Hello!  This is the first of a few posts I have concerning AngelCode, which has truly been an angel and made it possible to pursue my open source project (more info about that in another post).  While looking at cscriptarray (version 2.33.0), I noticed it didn't check for a new pointer after a malloc in Precache(), around line 1694.  The fix I added (though I don't think I've tested it specifically yet) is:

// Create the cache
cache = reinterpret_cast<SArrayCache*>(userAlloc(sizeof(SArrayCache)));

/// BEGIN malloc check
if (! cache)
{
   asIScriptContext *ctx = asGetActiveContext();
   if( ctx )
      ctx->SetException("Out of memory");
   return;
}
/// END malloc check

memset(cache, 0, sizeof(SArrayCache));

Just wanted to note it as a potential bug for fixing in later versions.

Related, I have a more general question about how AngelCode handles malloc fails.  A quick inspection of the code suggests that most areas of the interpreter code cannot handle a malloc call failing.  Is this true or did I misread it?  Is this something under consideration for fixing in the future?

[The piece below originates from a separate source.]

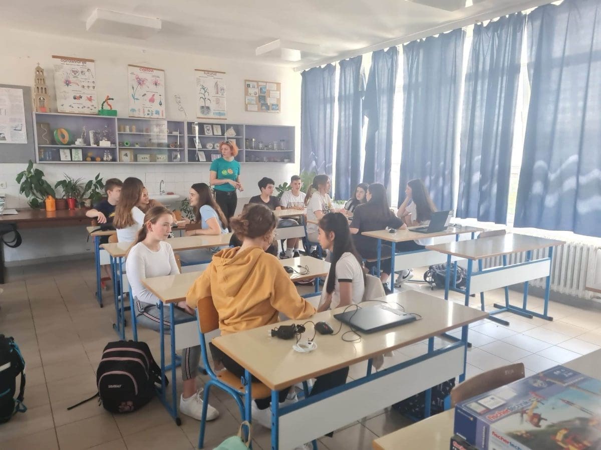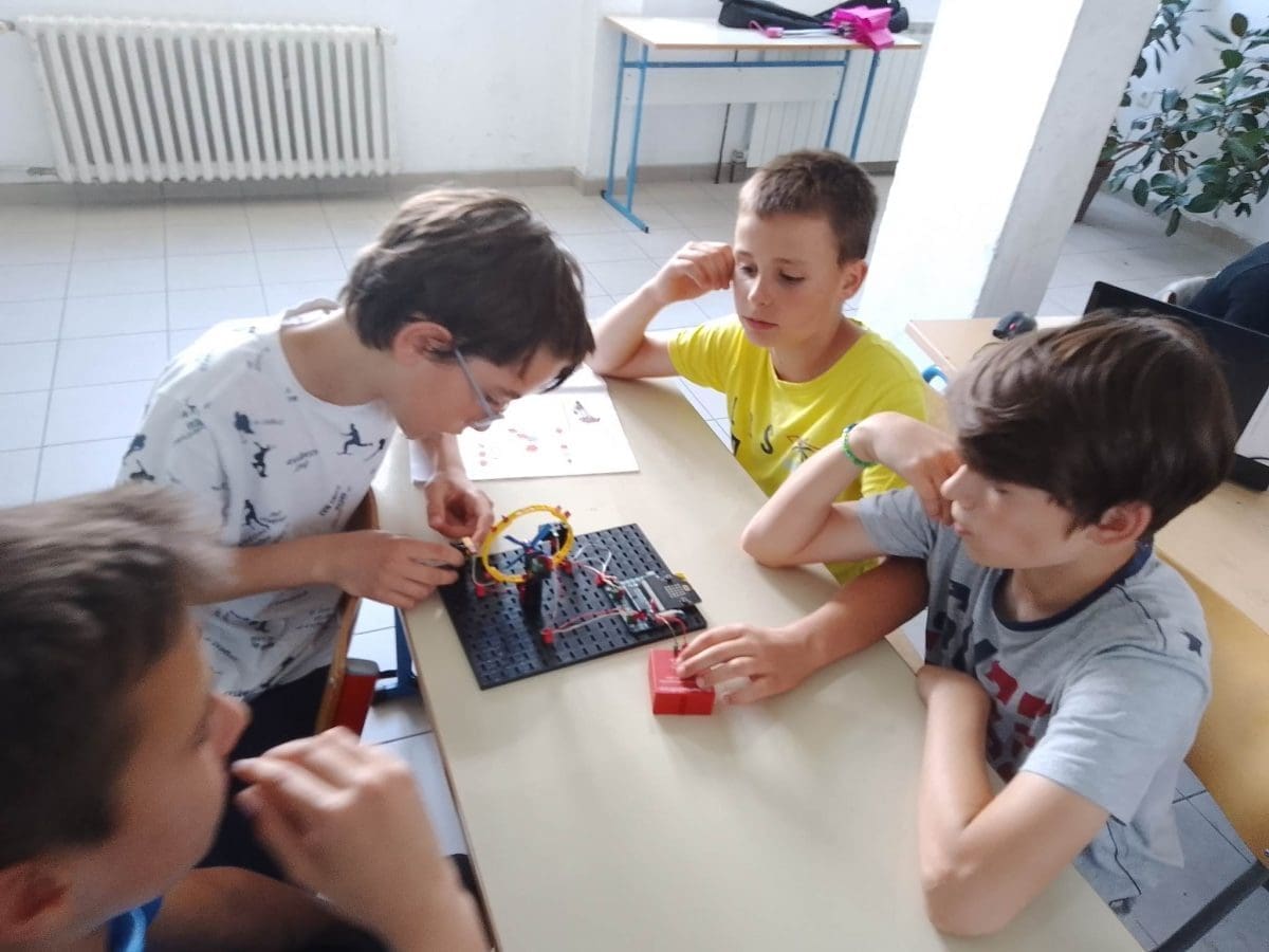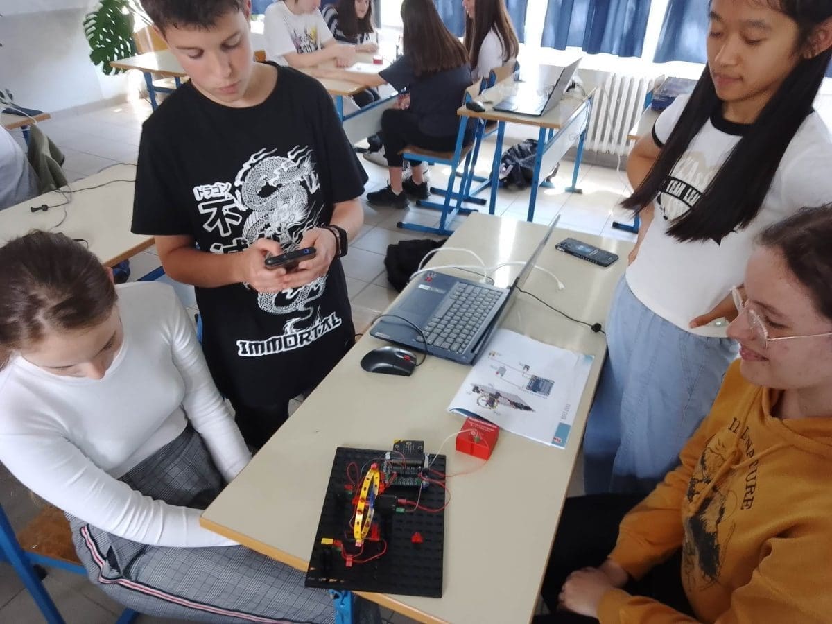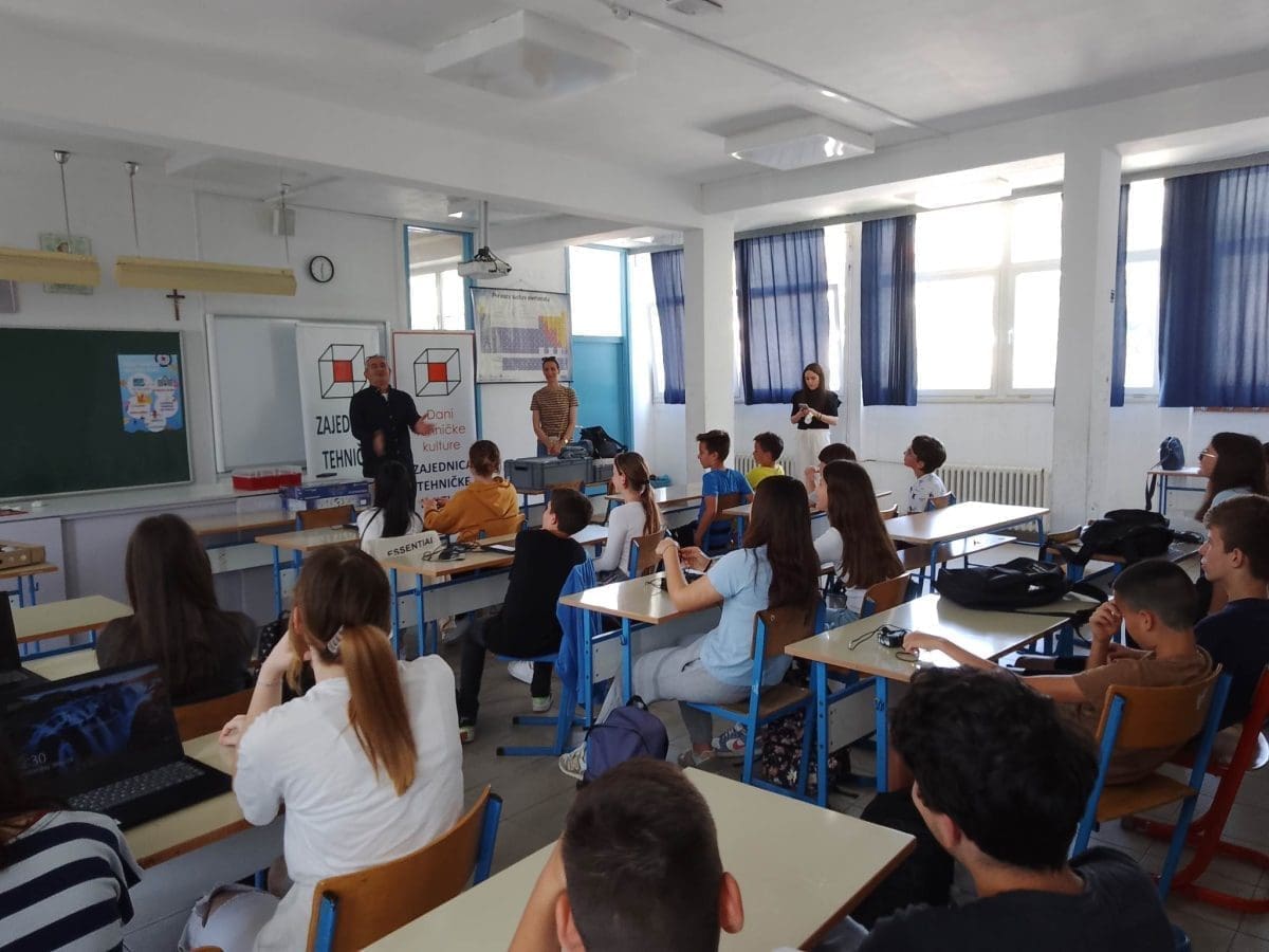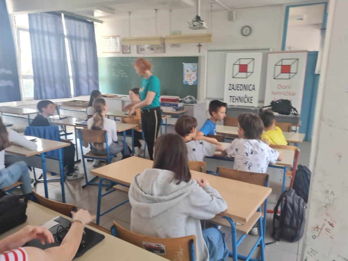 Po završetku uvodnog pozdrava, učenici su se odmah „bacili“ na rad. Radionicu robotike održala je stručna suradnica u Zajednici tehničke kulture grada Splita, Ella Rinčić. U sklopu radionice, učenici su se upoznali s pojmovima iz područja mehanike, elektronike i programiranja. U skupinama su podijelili zadatke (konsturiranje, programiranje, povezivanje sa sučeljem, izrada vodiča) iz navedenih područja te su u konačnici samostalno izradili automatizirana sušila za ruke (primjer uređaja koji objedinjuje sve navedeno). Radionica robotike ostvarila je zacrtane ishode, a učenici su ponosno otišli svojima kućama!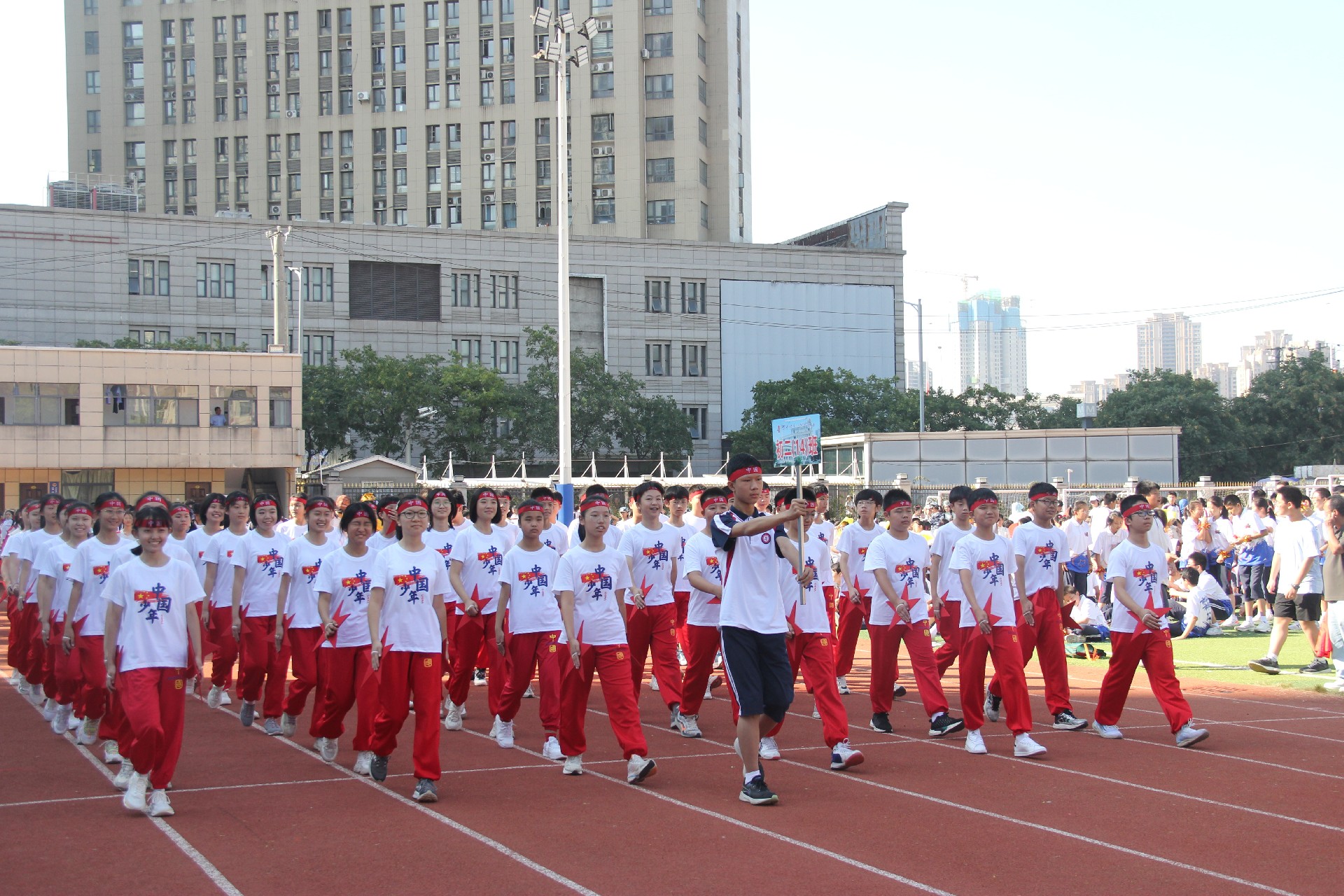 看啊,811班正迈着矫健的步伐向我们走来,每位同学的脸上都洋溢着幸福的笑容,每个人的身上都充满了青春的气息。朝阳如黄金般洒向大地,照耀在每一位同学的身上,熠熠生辉。那份独属于青少年的生机与活力在他们身上体现的淋漓尽致。

Basically, I'm using AngelScript in what is essentially a semi-open sandbox environment, where most users could (if desired) write code and have it execute on the server, often simultaneously with other scripts.  Because of this, I have to keep careful tabs on resource usage (CPU and memory).  For now, I'm checking memory used by each AngelScript engine via the debug hook (and a custom allocator) and aborting in there if it went over.  It would be much nicer to be able to abort during the actual allocation and clean up, but I suspect it would be way too difficult for AngelScript to check every single malloc.  Still, I thought I'd check!  Thanks for making such a nice, easy-to-integrate product!

Thanks for letting me know of the missing check for failed malloc. I'll make sure to add this fix for the next release.

The solution you implemented is the correct way to do it. It should be done the same way in every other memory allocation as well. You should be able to simply return zero on the custom memory allocator when you don't want to allow an engine to consume more memory. It should be treated by Angelscript.

Let me know if you find other places where the code doesn't treat failed mallocs.

Regards,

Andreas

You're welcome!   Also, what about the AngelScript interpreter itself?  Is it supposed to be able to handle a failed malloc internally at any time?  My guess is 'no' based on what I saw, but I did not do an extensive code analysis and the failure may have been caught further up the chain.  It was also an older version.

I'm thinking my periodic heap check every few times the debug hook is called should be sufficient, but the finer grained I can make it the better.

The code should be able to handle it, though I can't say I've tested every possible situation where a memory allocation might fail.

Just report any situation where you feel the code might not handle it properly and I'll fix it.

I've fixed the missing check for failed memory allocation in revision 2586.